Activity:
What is needed is an exact copy of the lines in the listing below, from the one with "- Exquisite Design: Finished" up to and including the one with "Anggota Badan Pembentukan", with no other lines.

Material for the task:
···

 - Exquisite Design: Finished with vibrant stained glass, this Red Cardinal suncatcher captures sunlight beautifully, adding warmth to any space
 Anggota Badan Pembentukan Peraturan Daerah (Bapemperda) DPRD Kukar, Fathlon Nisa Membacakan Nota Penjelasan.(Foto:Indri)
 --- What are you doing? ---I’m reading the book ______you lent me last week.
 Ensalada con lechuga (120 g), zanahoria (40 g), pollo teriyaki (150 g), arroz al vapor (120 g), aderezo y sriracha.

···

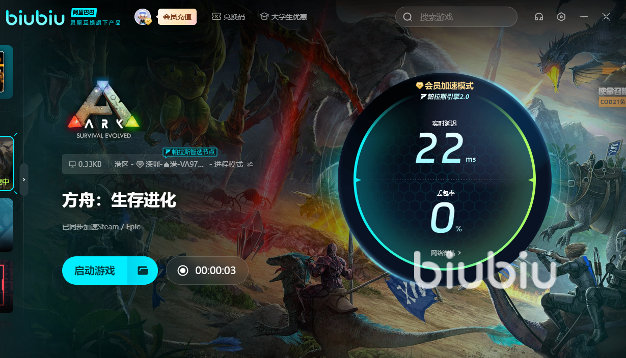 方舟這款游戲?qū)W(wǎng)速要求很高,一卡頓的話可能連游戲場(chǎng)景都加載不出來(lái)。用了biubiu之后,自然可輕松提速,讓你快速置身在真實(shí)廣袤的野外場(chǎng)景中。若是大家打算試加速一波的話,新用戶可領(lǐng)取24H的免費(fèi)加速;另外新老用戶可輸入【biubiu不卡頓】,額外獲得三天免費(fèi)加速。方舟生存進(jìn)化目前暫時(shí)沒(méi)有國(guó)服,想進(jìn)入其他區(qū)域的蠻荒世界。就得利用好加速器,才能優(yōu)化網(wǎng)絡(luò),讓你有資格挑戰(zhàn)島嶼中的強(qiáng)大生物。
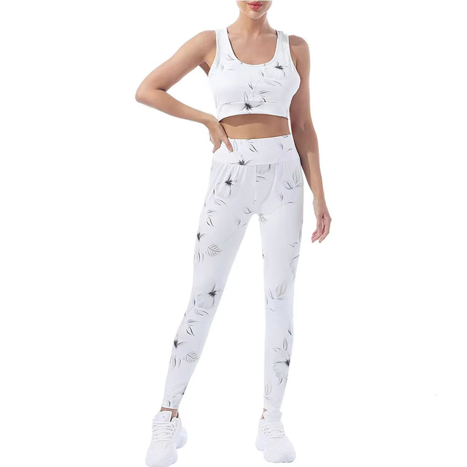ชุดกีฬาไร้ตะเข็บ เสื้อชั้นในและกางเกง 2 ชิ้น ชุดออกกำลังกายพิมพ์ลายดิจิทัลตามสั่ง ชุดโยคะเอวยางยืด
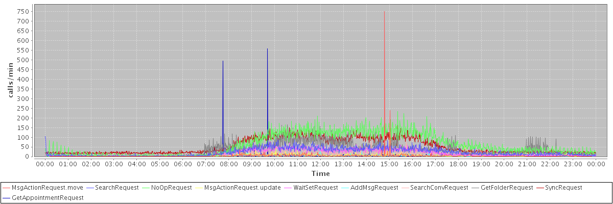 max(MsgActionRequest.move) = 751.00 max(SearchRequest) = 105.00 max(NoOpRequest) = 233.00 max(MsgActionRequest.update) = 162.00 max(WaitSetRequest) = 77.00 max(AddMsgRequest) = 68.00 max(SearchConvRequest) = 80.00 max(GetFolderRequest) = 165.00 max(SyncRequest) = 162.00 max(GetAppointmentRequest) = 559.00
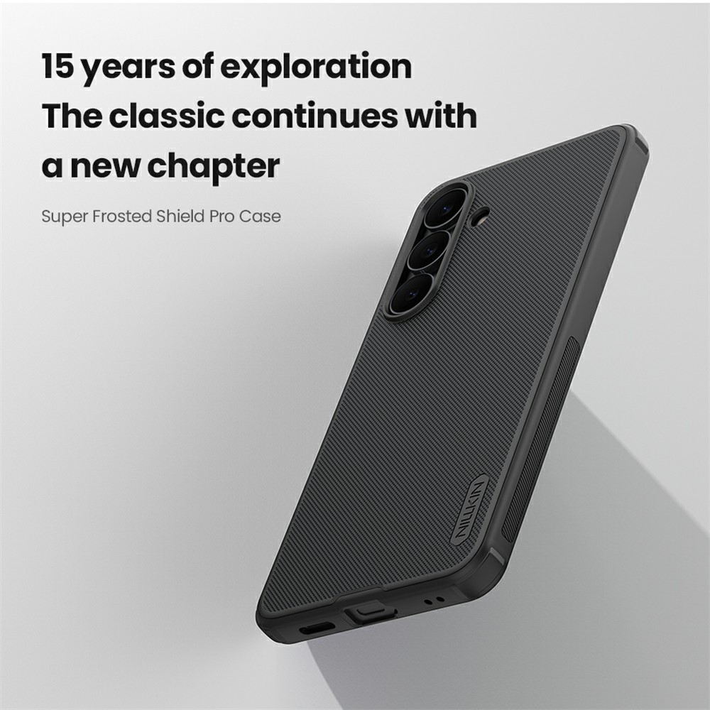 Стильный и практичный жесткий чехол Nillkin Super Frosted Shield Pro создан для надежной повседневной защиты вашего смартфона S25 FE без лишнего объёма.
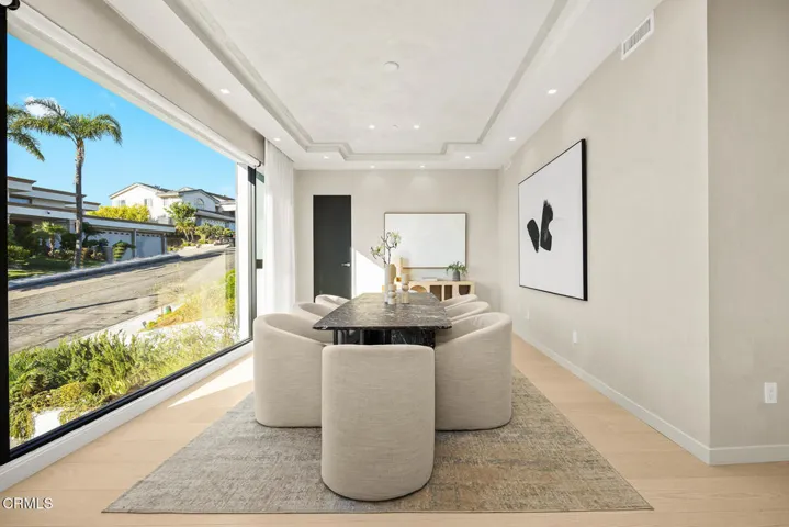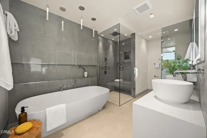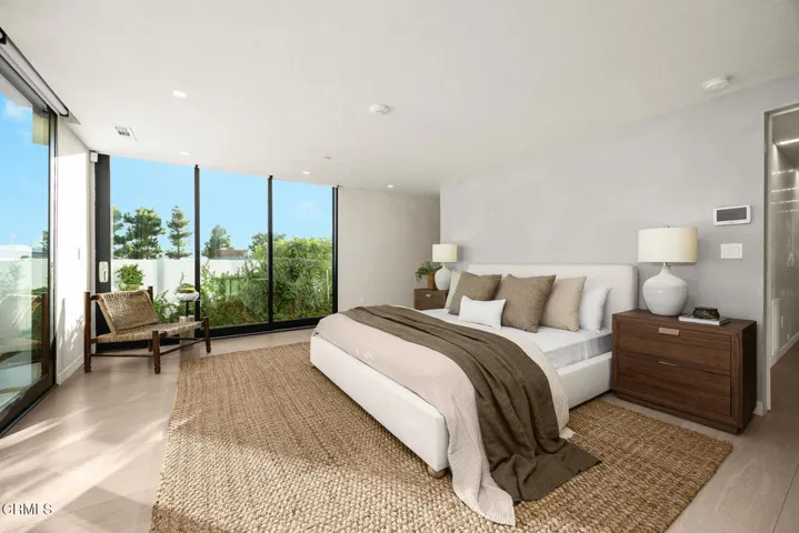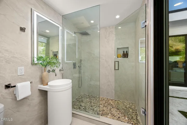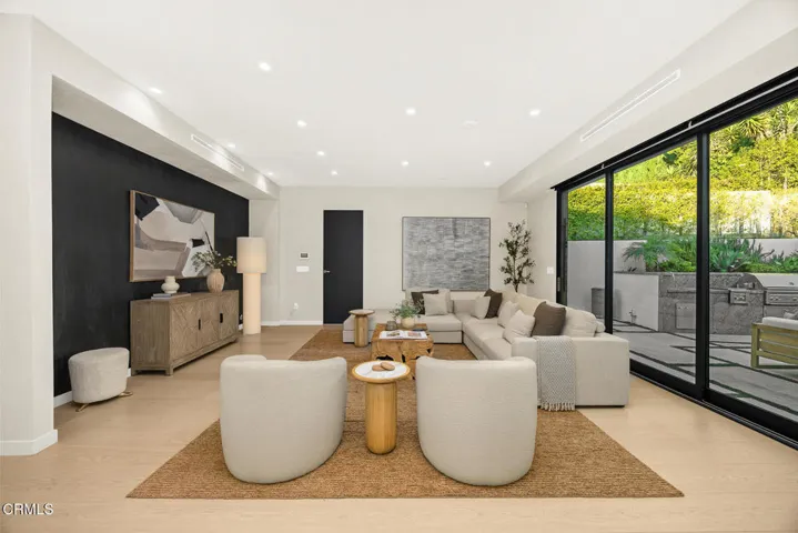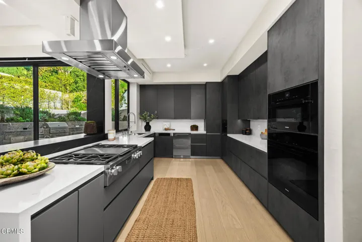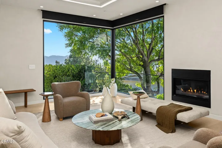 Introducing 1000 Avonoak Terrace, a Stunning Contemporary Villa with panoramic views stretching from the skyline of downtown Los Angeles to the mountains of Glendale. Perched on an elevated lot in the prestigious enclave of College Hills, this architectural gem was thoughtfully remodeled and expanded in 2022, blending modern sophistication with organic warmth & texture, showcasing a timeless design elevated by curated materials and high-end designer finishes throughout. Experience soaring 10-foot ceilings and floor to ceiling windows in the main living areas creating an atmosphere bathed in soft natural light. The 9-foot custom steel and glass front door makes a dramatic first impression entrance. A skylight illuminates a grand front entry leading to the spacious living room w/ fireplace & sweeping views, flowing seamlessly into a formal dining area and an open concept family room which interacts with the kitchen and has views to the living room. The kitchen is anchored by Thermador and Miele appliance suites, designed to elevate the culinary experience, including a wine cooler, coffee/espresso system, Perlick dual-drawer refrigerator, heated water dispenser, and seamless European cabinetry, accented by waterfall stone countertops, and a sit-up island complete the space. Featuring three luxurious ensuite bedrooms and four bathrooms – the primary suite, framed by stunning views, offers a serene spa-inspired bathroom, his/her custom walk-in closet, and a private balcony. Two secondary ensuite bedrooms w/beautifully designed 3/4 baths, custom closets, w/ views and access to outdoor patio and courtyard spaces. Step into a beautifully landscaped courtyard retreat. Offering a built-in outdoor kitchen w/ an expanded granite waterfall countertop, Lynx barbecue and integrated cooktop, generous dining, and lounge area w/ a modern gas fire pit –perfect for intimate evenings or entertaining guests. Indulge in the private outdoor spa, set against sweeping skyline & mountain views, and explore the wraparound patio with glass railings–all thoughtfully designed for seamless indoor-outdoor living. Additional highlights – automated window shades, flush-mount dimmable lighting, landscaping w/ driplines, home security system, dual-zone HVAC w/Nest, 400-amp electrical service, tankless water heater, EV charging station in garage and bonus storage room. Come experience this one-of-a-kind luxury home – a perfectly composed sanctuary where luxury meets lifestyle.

···

Task solution:
 - Exquisite Design: Finished with vibrant stained glass, this Red Cardinal suncatcher captures sunlight beautifully, adding warmth to any space
 Anggota Badan Pembentukan Peraturan Daerah (Bapemperda) DPRD Kukar, Fathlon Nisa Membacakan Nota Penjelasan.(Foto:Indri)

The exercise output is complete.